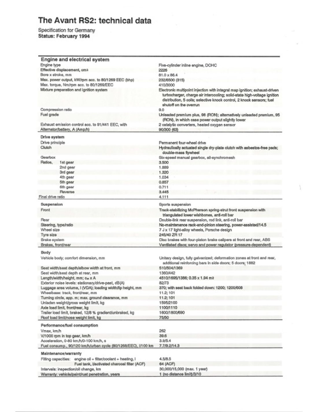 1994 AUDI RS2 AVANT PRESSKIT ENGLISH
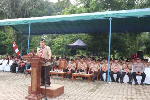 Pengumuman akhir LT-IV Kwarda Aceh dibacakan Tim Juri, Sekaligus Ketua harian Kwarcab Langsa Cut Bang Ir Abdurrahman Ardo, MM, MPd.
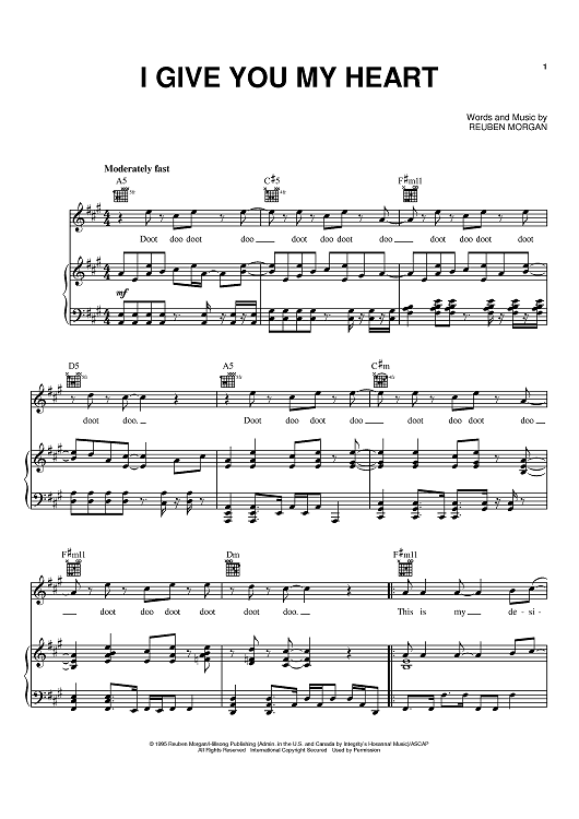 Digital Sheet Music for I Give You My Heart by Jeff Deyo, Reuben Morgan scored for Piano/Vocal/Chords; id:371677

-- -- --

About this exercise: The copy must begin at the line containing "Pengumuman akhir LT-IV" and end at the last line of the data above, with every line retyped exactly and no pictures included.

Task result:
 Pengumuman akhir LT-IV Kwarda Aceh dibacakan Tim Juri, Sekaligus Ketua harian Kwarcab Langsa Cut Bang Ir Abdurrahman Ardo, MM, MPd.
 Digital Sheet Music for I Give You My Heart by Jeff Deyo, Reuben Morgan scored for Piano/Vocal/Chords; id:371677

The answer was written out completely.